Records contained in a dataset:
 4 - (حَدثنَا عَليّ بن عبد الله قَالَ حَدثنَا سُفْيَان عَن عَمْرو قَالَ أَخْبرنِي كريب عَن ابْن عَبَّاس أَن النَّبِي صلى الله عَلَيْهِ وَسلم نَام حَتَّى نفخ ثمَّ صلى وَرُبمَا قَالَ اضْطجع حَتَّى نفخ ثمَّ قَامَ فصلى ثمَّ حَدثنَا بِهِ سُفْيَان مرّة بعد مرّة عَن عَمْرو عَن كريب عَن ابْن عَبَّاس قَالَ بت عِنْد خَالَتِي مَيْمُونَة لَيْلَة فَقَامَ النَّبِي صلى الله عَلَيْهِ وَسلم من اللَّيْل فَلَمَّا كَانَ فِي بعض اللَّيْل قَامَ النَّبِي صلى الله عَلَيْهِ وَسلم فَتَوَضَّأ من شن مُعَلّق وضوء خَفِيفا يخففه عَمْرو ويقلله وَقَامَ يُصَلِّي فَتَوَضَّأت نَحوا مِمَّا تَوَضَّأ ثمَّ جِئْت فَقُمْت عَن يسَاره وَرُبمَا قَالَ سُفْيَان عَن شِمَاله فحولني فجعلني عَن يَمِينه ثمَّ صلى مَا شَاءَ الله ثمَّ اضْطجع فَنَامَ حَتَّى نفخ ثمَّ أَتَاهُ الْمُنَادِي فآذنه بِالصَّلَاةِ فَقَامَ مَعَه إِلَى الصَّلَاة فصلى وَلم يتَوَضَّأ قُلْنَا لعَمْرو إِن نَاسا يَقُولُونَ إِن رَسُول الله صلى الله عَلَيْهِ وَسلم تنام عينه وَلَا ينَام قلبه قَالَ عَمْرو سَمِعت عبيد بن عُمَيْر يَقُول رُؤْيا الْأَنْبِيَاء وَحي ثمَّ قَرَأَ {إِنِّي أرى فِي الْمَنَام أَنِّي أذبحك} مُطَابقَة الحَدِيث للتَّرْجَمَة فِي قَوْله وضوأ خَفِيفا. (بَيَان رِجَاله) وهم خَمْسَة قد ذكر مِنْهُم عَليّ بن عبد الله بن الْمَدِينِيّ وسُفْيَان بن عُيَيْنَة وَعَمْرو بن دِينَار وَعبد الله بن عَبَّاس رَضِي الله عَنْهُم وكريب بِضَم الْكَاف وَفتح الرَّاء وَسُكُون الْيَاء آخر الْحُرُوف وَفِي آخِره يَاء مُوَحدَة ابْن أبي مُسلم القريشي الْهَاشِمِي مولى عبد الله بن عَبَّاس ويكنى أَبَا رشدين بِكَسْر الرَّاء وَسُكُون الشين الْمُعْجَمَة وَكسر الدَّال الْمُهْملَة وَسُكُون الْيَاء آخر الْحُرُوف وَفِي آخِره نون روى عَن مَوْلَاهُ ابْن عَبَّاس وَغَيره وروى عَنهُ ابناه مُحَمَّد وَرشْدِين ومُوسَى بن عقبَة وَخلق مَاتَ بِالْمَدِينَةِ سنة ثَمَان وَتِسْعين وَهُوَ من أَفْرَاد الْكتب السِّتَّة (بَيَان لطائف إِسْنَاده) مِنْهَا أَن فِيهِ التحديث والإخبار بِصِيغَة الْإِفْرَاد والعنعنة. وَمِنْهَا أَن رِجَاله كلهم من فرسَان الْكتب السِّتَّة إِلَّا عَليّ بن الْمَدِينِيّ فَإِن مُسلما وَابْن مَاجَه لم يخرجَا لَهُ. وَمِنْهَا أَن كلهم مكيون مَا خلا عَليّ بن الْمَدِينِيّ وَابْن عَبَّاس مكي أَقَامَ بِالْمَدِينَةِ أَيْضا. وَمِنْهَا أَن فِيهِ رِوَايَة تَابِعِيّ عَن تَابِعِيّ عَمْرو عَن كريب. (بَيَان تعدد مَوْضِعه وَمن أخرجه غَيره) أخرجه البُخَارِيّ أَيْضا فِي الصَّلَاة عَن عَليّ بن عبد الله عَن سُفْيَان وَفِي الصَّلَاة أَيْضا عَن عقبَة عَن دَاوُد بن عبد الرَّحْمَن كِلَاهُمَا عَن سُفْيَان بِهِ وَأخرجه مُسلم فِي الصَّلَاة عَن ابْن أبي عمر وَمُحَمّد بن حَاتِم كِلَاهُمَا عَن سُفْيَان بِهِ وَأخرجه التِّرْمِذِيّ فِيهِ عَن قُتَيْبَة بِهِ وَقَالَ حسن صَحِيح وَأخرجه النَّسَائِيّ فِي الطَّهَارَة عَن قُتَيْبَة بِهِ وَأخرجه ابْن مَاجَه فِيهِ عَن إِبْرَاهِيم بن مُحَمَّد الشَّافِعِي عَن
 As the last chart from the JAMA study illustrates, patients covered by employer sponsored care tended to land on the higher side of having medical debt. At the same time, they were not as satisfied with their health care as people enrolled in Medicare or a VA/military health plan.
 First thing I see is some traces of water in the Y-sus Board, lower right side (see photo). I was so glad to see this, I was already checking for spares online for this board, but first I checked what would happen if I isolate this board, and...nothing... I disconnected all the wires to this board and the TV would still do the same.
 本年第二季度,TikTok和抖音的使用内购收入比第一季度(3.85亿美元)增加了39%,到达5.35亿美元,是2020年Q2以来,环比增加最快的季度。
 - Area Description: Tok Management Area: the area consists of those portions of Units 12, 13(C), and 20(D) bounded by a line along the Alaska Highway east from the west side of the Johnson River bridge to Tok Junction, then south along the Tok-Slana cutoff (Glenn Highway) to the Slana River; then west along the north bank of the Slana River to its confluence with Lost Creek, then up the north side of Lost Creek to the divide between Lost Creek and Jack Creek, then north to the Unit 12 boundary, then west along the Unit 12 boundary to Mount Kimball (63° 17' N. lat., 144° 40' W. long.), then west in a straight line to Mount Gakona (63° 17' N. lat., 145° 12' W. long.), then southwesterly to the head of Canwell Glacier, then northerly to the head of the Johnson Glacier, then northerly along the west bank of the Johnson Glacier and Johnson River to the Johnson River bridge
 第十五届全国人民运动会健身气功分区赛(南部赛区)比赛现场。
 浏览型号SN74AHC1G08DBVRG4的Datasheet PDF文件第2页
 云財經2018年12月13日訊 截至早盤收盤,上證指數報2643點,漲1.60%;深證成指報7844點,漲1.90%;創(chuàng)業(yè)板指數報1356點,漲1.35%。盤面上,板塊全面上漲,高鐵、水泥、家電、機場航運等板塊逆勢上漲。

## What you should do
Copy every line of the entries above in which "same" occurs.

## Solution for this task
 As the last chart from the JAMA study illustrates, patients covered by employer sponsored care tended to land on the higher side of having medical debt. At the same time, they were not as satisfied with their health care as people enrolled in Medicare or a VA/military health plan.
 First thing I see is some traces of water in the Y-sus Board, lower right side (see photo). I was so glad to see this, I was already checking for spares online for this board, but first I checked what would happen if I isolate this board, and...nothing... I disconnected all the wires to this board and the TV would still do the same.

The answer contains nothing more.